19 Jan, 2013, Tyche wrote in the 78th comment:
Votes: 0
arendjr said:
I want someone standing behind the battlements on a high wall. He will have a clear view over the grasslands, and will see people approaching from afar. Except when they're on the back side of a hill. Except when there's fog. The engine will calculate whether there's line of sight. The engine will know the distance, and use it to determine whether you can identify the person, or even see whether is a human at all. The distance will determine if his arrows can reach the person.

I want someone walking on soft shoes that muffle his steps when he hears a conversation. He stops and hears the voices of a man and a woman and they're plotting to kill her husband. The sounds are coming from the little office around the corner. If only they had closed the door, he might not have heard them.

I want someone throwing a granade into a corridor. The corridor is tight and the pressure of the explosion is compressed into two directions. People get knocked off their feet. The sound of the blast will alarm everyone within hundreds of yards. Even outside a soft cracking sound is heard.

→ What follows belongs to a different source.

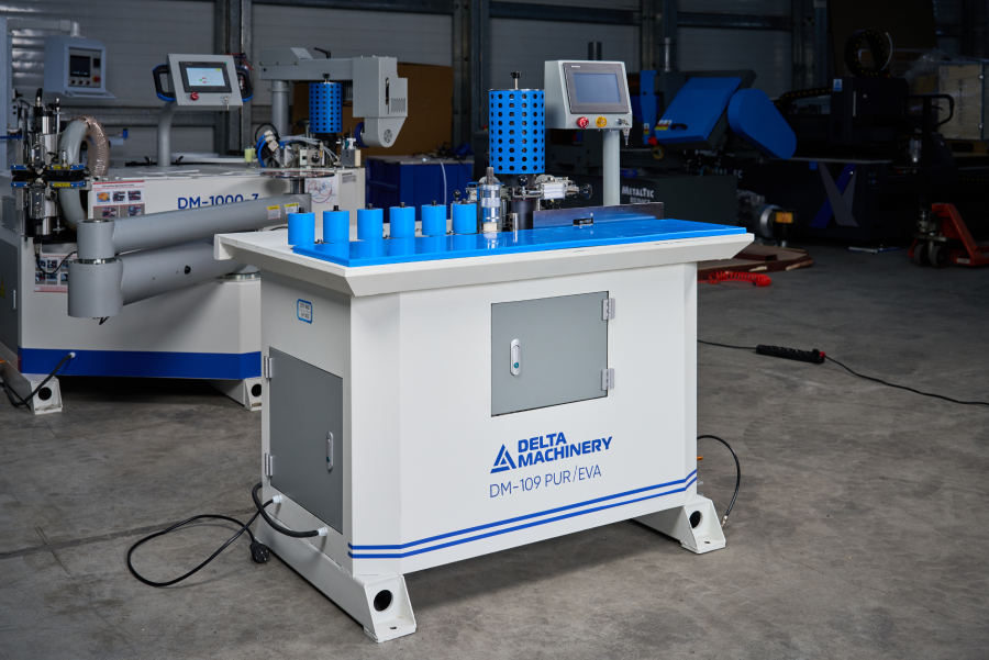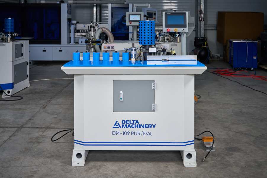 Станок оснащен универсальной клеевой ванной 1200мл позволяющей использовать при работе клей расплав EVA или PUR клей в зависимости от задач. Система подачи очистительной жидкости форсунчатого типа в зону прижима, для исключения налипания лишнего клеевого состава.

These are the things I can actually do with my system of propagating events. However the algorithms involved will often require access to hundreds of objects at once. When an event starts, you don't know in advance where it will end. It literally depends on things like doors or windows being open or closed, presence of fog, line of sight, etc.. This means you cannot prefetch the objects. If I would've used a database, it would result in hundreds or thousands of SQL queries. At this point, performance is down the drain.

Had I used a database for my project, my main distinctive feature would've been impossible to implement.

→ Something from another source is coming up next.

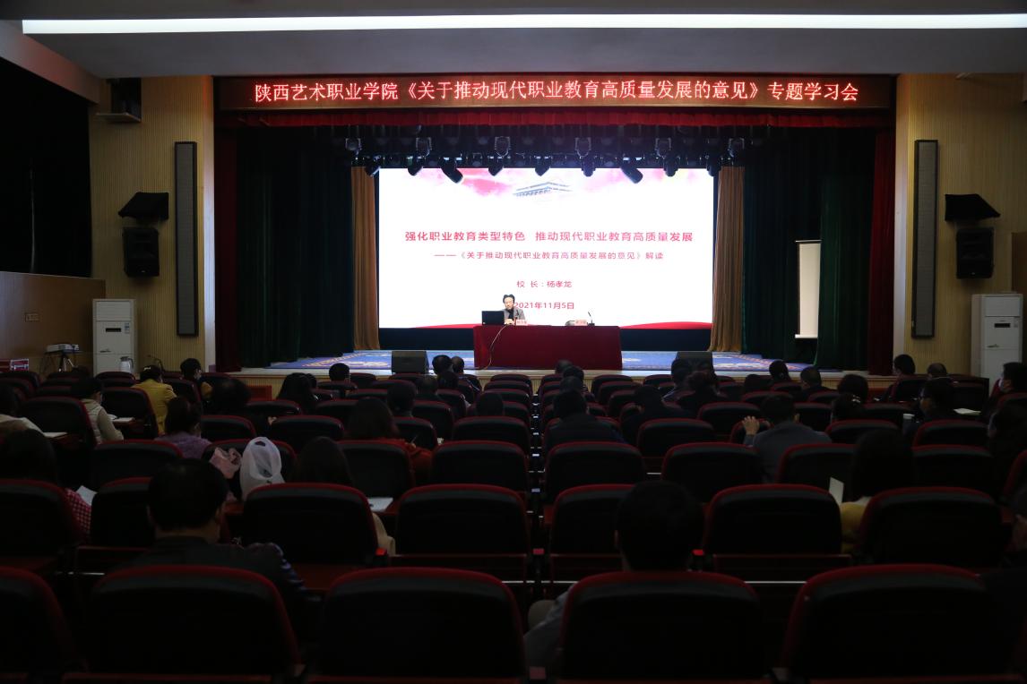 11月5日,陕西艺术职业学院在文艺南路小剧场召开党委理论学习中心组(扩大)学习会。党委副书记、校长杨孝龙专题解读《关于推动现代职业教育高质量发展的意见》。校党委委员、副科级以上干部参会。

Most RDBMSs now implement spatial indexing systems. SQLite supports multi-dimensional R-Tree indexing. There's a higher level interface available called SpatialLite that allows you define geometries like rivers, trees, lakes, buildings. Note that by flipping a few configuration parameters in these databases all your data can reside in memory. Given the theme of Kelvin's article, you can save time and meet the game requirements above by using software already available.
19 Jan, 2013, arendjr wrote in the 79th comment:
Votes: 0
Tyche said:
Most RDBMSs now implement spatial indexing systems. SQLite supports multi-dimensional R-Tree indexing. There's a higher level interface available called SpatialLite that allows you define geometries like rivers, trees, lakes, buildings. Note that by flipping a few configuration parameters in these databases all your data can reside in memory.

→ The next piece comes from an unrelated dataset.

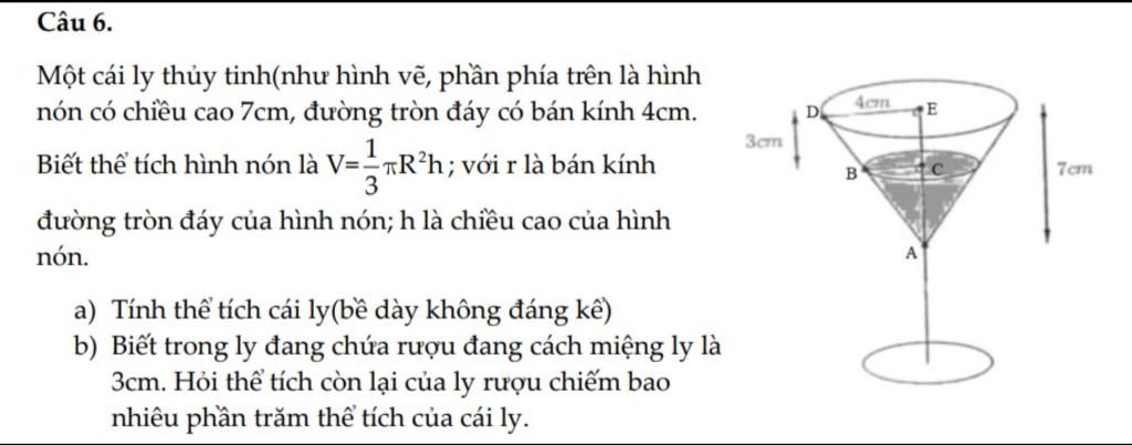 a.Thể tích ly là:

I know they do, but this would really only be relevent if it would fit my requirements, which it doesn't. In addition we already established in this thread to be using in-memory representations of the data, so doing another SQL query for this at runtime would be really awkward at best.

Tyche said:
Given the theme of Kelvin's article, you can save time and meet the game requirements above by using software already available.

I guess you should've first understood my game requirements before making that claim.
20 Jan, 2013, Tyche wrote in the 80th comment:
Votes: 0
arendjr said:
I know they do, but this would really only be relevent if it would fit my requirements, which it doesn't. In addition we already established in this thread to be using in-memory representations of the data, so doing another SQL query for this at runtime would be really awkward at best.

Presuming the requirements were the three paragraphs I quoted then it certainly does.
Probably not you, specifically, but some other person with the same requirements.